## What the exercise asks
Omit any pictures, and restate word for word only the lines from the one with "Clinic's informational website" through the end of the data below.

(Data extracted from a collection)
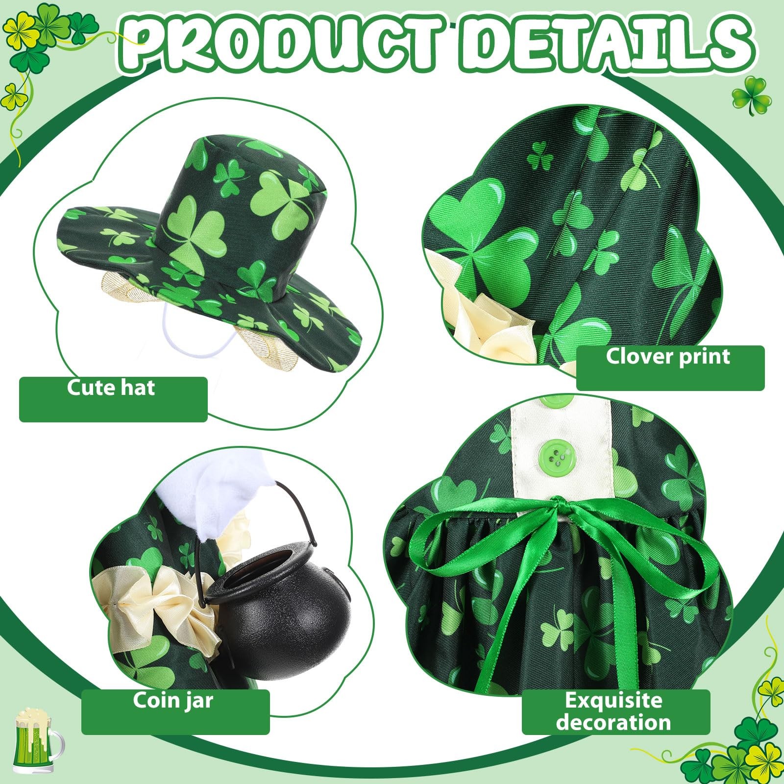 St Patrick's Day Shamrock Goose Outfit Lawn Porch Goose Clothes for 23 St Pa...
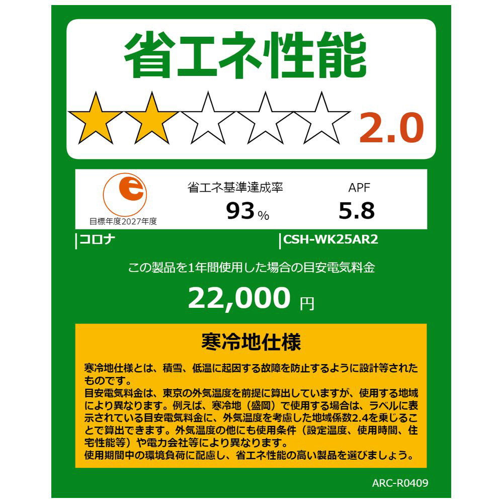 エアコン 2025年 冬暖 Relala(リララ)WKシリーズ ホワイト CSH-WK25AR2-W [おもに8畳用 /200V]
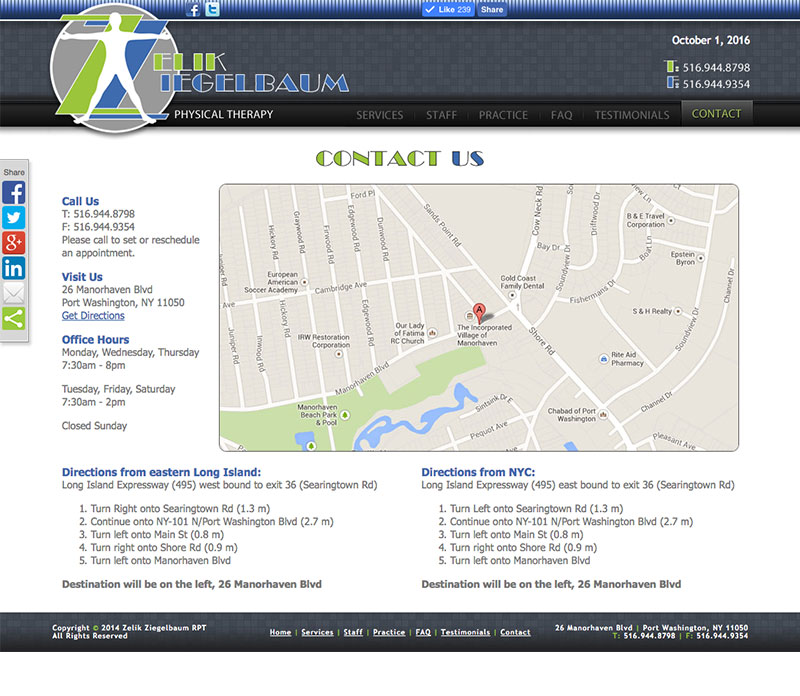 Clinic's informational website used for listing services, location/contact information and setting up appointments.
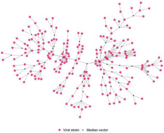 Graphical representation of the estimated genetic network (cluster A). Pink nodes: H5N1 HPAI virus isolated from individual domestic outbreaks belonging to the larger genetic group; grey nodes: estimated median vectors; links: highest genetic similarity between nodes.
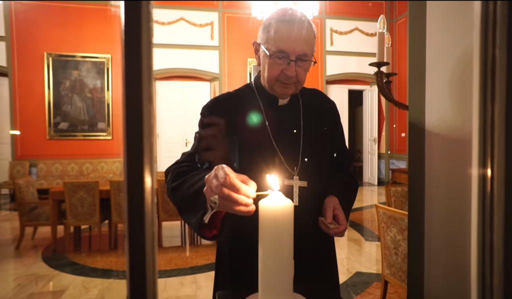 Fot. Konferencja Episkopatu Polski / FBW 42. rocznicę wprowadzenia stanu wojennego w Polsce, 13 grudnia, o godz. 19:30, przewodniczący Konferencji Episkopatu Polski abp Stanisław Gądecki włączył się w akcję społeczną Instytutu Pamięci Narodowej „Zapal Światło Wolności”.
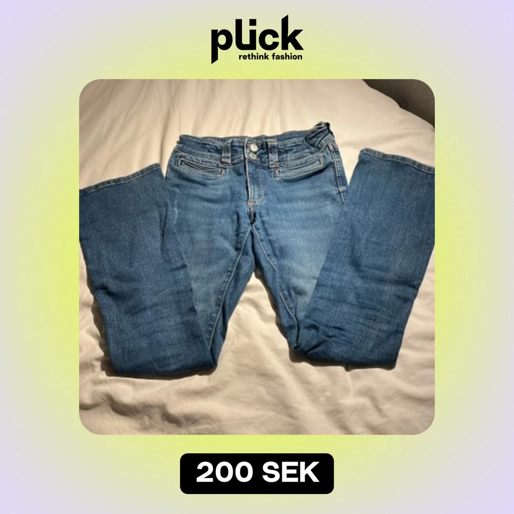 Ett par lågmidajde utsvängda jeans som min syster växt ur. En absolut favorit! Lite snygga detaljer på ena benet. 📍Storlek: 158. Pris kan självklart diskuteras, och kontakta mig för flera bilder 💗
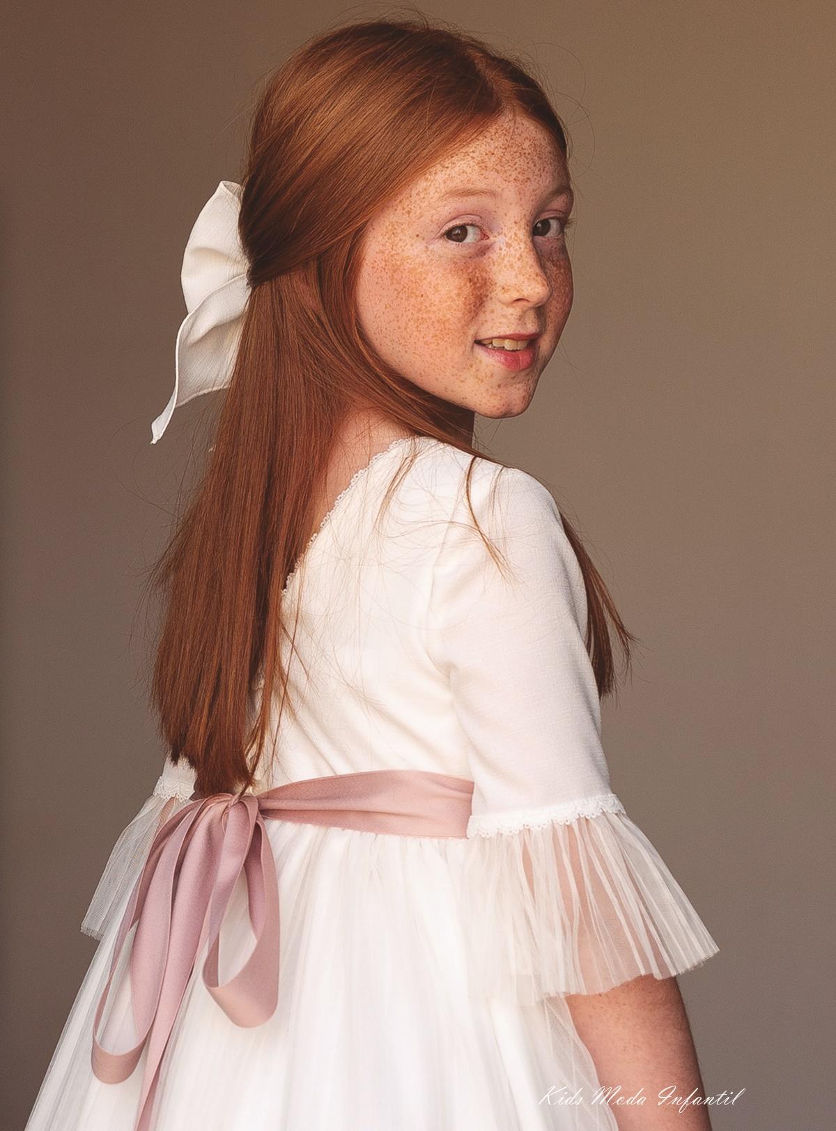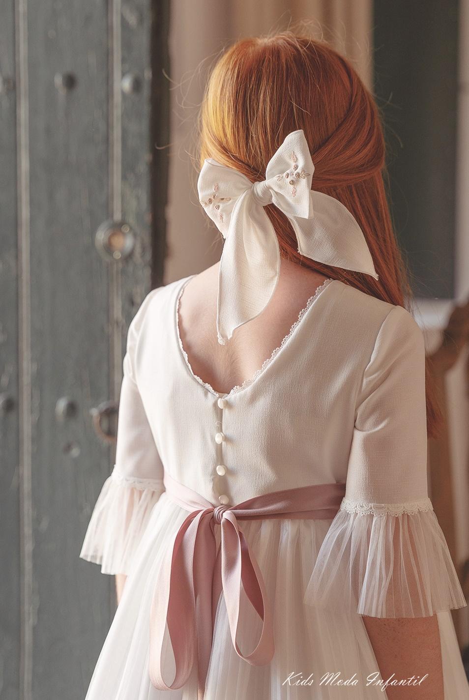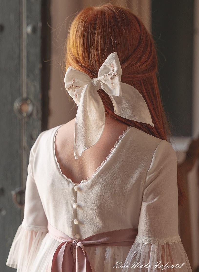 Lazo artesanal en crep blanco roto con bordado al tono, perfecto para peinados de comunión. Complemento exclusivo de la Colección LYSANDRA 2026. Disponible en Kids Moda Infantil.
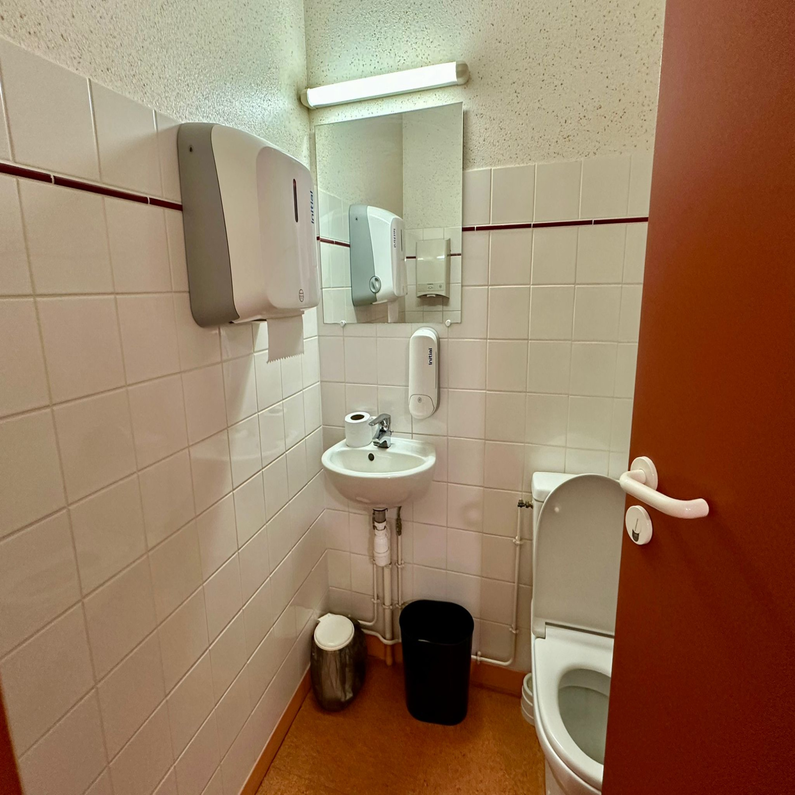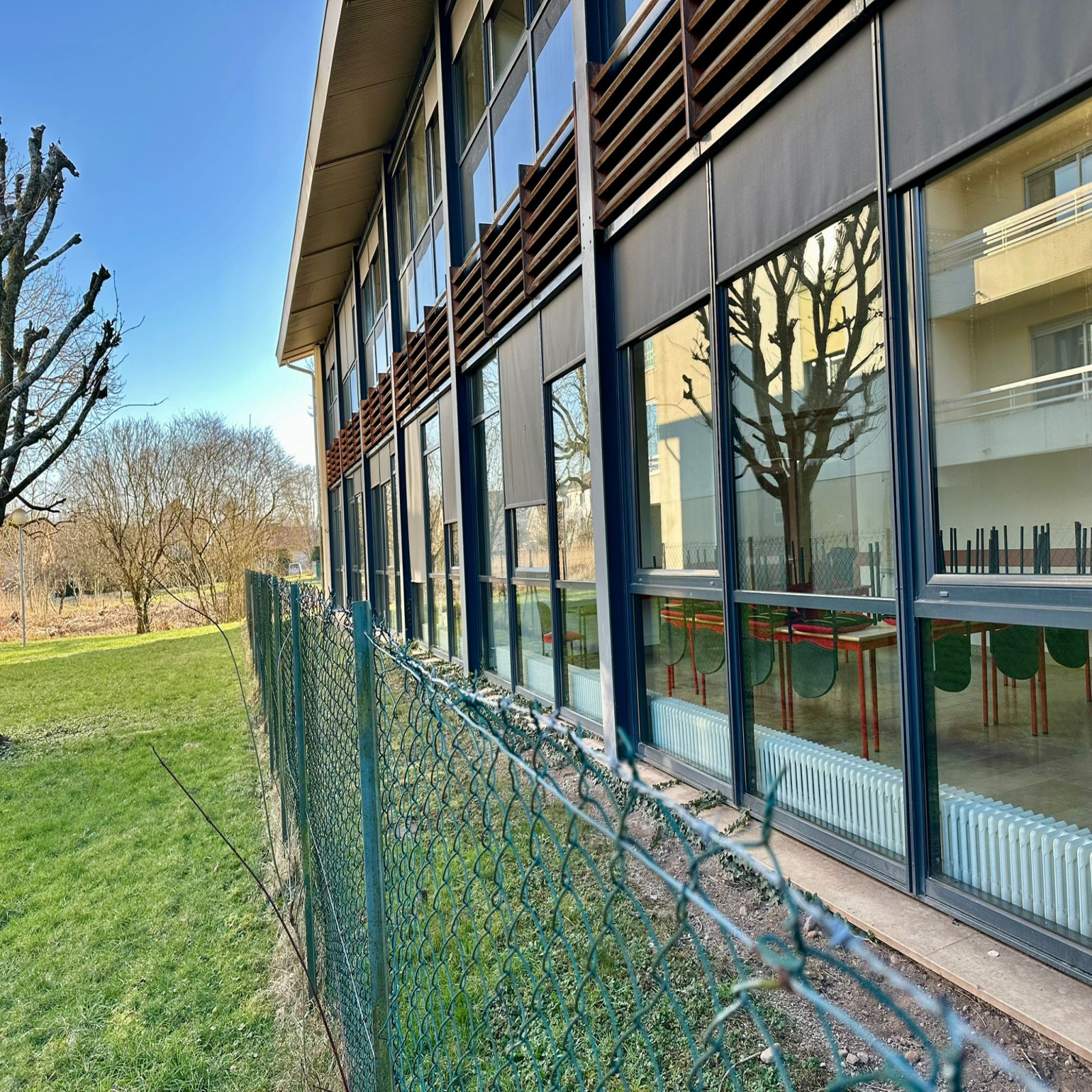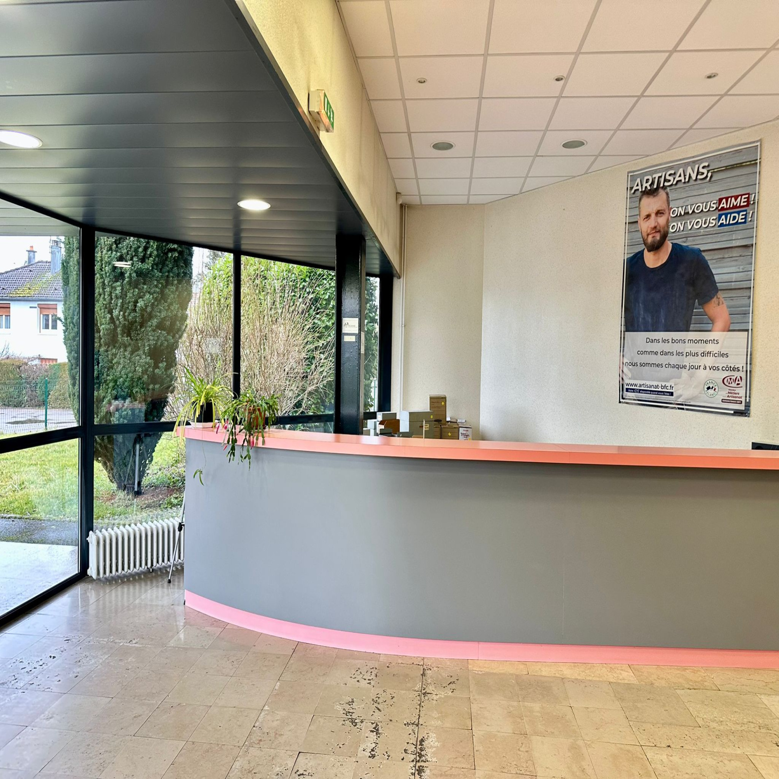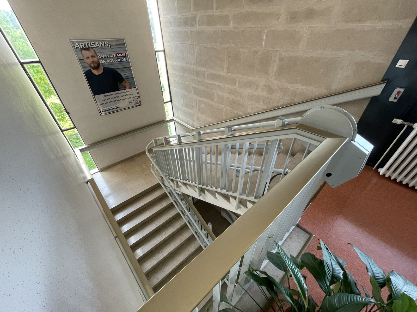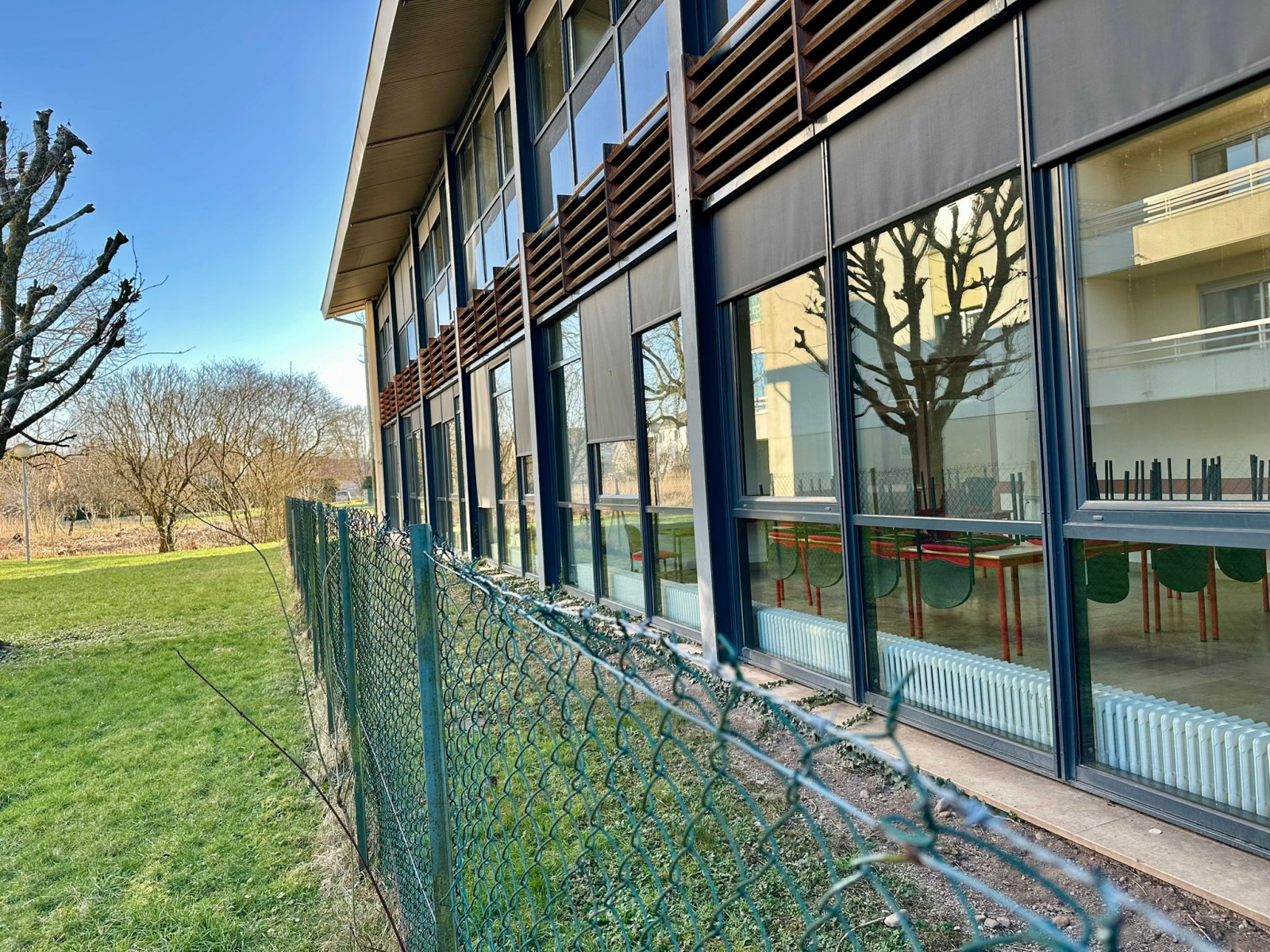 Au rez-de-chaussée : sas, hall d'entrée / acceuil (60 m2 env), remise, sanitaires (hommes, femmes, handicapés), 2 bureaux (20 m2 env) avec remise, une pièce vitrée (17 m2 env), 2 salles de réunion (38 m2 env), salle d'archivage (11 m2 env), local électrique, dégagement.

## Response to the exercise
 Clinic's informational website used for listing services, location/contact information and setting up appointments.
 Graphical representation of the estimated genetic network (cluster A). Pink nodes: H5N1 HPAI virus isolated from individual domestic outbreaks belonging to the larger genetic group; grey nodes: estimated median vectors; links: highest genetic similarity between nodes.
 Fot. Konferencja Episkopatu Polski / FBW 42. rocznicę wprowadzenia stanu wojennego w Polsce, 13 grudnia, o godz. 19:30, przewodniczący Konferencji Episkopatu Polski abp Stanisław Gądecki włączył się w akcję społeczną Instytutu Pamięci Narodowej „Zapal Światło Wolności”.
 Ett par lågmidajde utsvängda jeans som min syster växt ur. En absolut favorit! Lite snygga detaljer på ena benet. 📍Storlek: 158. Pris kan självklart diskuteras, och kontakta mig för flera bilder 💗
 Lazo artesanal en crep blanco roto con bordado al tono, perfecto para peinados de comunión. Complemento exclusivo de la Colección LYSANDRA 2026. Disponible en Kids Moda Infantil.
 Au rez-de-chaussée : sas, hall d'entrée / acceuil (60 m2 env), remise, sanitaires (hommes, femmes, handicapés), 2 bureaux (20 m2 env) avec remise, une pièce vitrée (17 m2 env), 2 salles de réunion (38 m2 env), salle d'archivage (11 m2 env), local électrique, dégagement.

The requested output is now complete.